> Stored data:
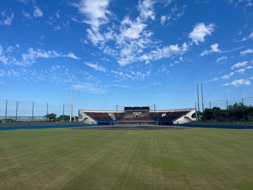 海に近く開放感のある球場で、観客との距離が近く、選手の表情や細かい動きまで観察しやすいのが魅力。投手練習をブルペン横から見学できるスポットもあり、フォームの違いなどを間近に感じられます。
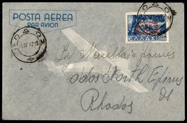 10 dracme (1) usato su busta FDC - Rodi 1.4.47
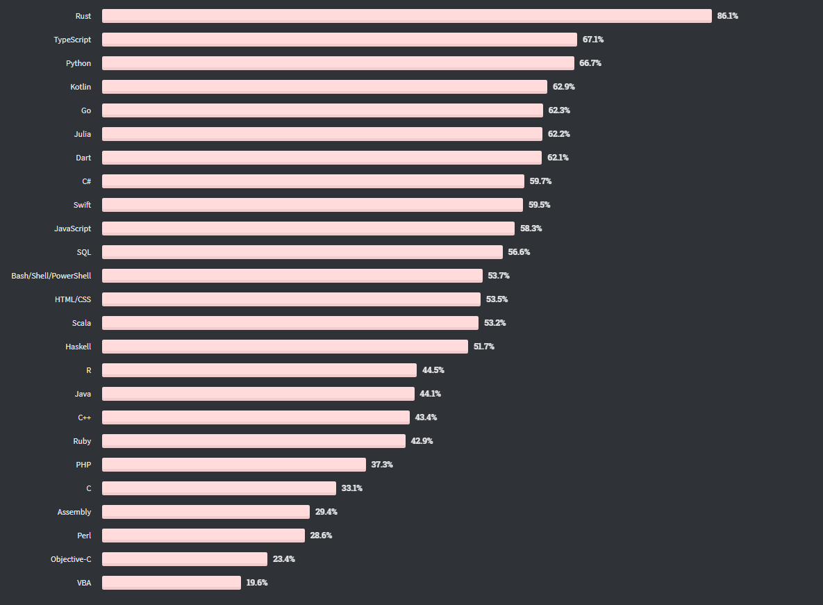 가장 사랑받는 언어에서 2위를 차지하고 전 세계에서 가장 높은 연봉과 관련된 언어에서도 꽤 높은 순위를 차지합니다.

> Exercise goal: All of the listing above must be output exactly, except for its pictures.

> Exercise answer:
 海に近く開放感のある球場で、観客との距離が近く、選手の表情や細かい動きまで観察しやすいのが魅力。投手練習をブルペン横から見学できるスポットもあり、フォームの違いなどを間近に感じられます。
 10 dracme (1) usato su busta FDC - Rodi 1.4.47
 가장 사랑받는 언어에서 2위를 차지하고 전 세계에서 가장 높은 연봉과 관련된 언어에서도 꽤 높은 순위를 차지합니다.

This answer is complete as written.